- Source data -
+++++
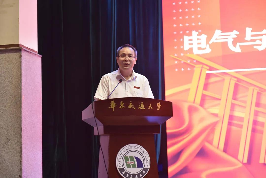 杨辉为活动致辞,他首先祝贺2021届毕业生圆满完成学业,向培育电气学子的全体教职工和支持、关注电气教育事业的社会各界人士表达了崇高的敬意和由衷的感谢。
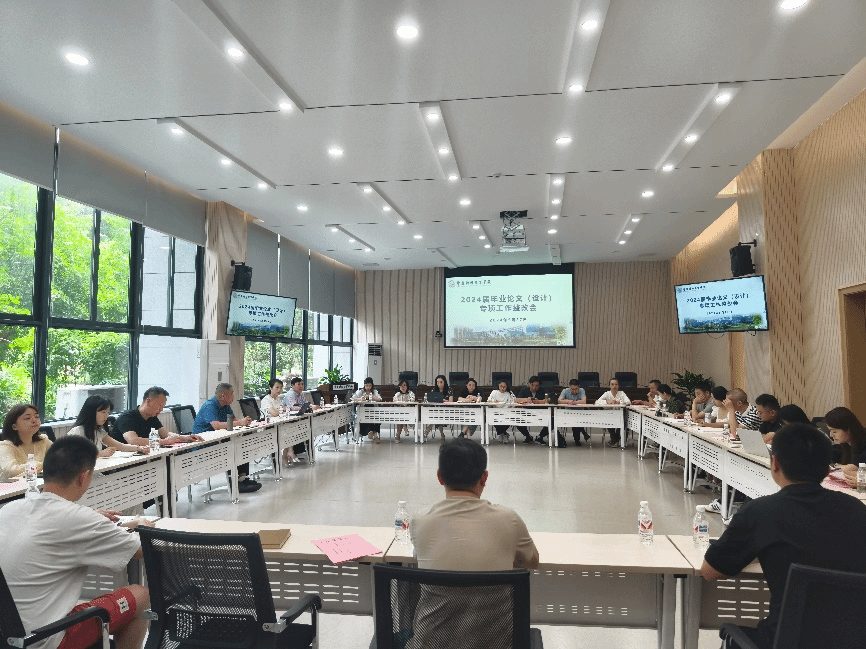 会上教务处实践教学管理科对2024届毕业论文(设计)工作的总体情况进行了介绍,并围绕当前工作中存在的文件解读不细致、管理制度不完善、评分标准不统一、信息传达不对等以及评分底气不充足五个方面的问题进行探讨交流。跨境商务学院、外语外贸学院和艺术设计学院副院长分别就学院在2024届毕业论文(设计)工作中的创新举措、存在问题和解决思路进行了发言。
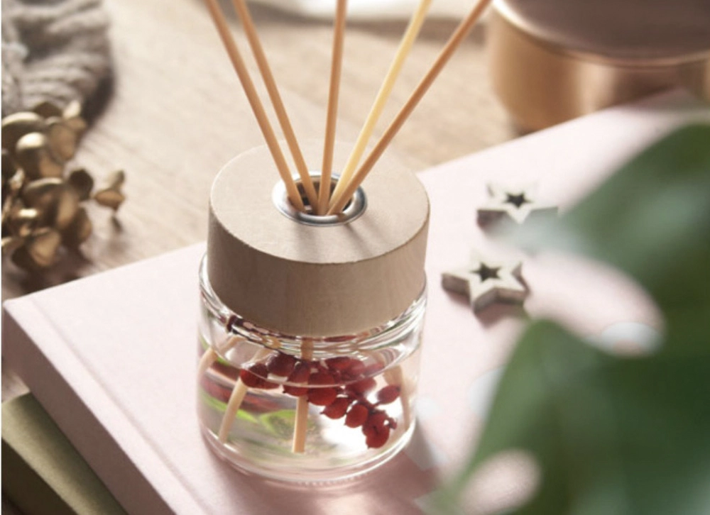 Dyfuzor zapachowy z 6 trzcinowymi patyczkami. Zapach: wanilia. Pojemność: 100 ml. Twoje logo umiescimy na zawieszce dyfuzorze
+++++
- Problem statement -
Please copy out the material above exactly, with the images removed.

- Result of the exercise -
 杨辉为活动致辞,他首先祝贺2021届毕业生圆满完成学业,向培育电气学子的全体教职工和支持、关注电气教育事业的社会各界人士表达了崇高的敬意和由衷的感谢。
 会上教务处实践教学管理科对2024届毕业论文(设计)工作的总体情况进行了介绍,并围绕当前工作中存在的文件解读不细致、管理制度不完善、评分标准不统一、信息传达不对等以及评分底气不充足五个方面的问题进行探讨交流。跨境商务学院、外语外贸学院和艺术设计学院副院长分别就学院在2024届毕业论文(设计)工作中的创新举措、存在问题和解决思路进行了发言。
 Dyfuzor zapachowy z 6 trzcinowymi patyczkami. Zapach: wanilia. Pojemność: 100 ml. Twoje logo umiescimy na zawieszce dyfuzorze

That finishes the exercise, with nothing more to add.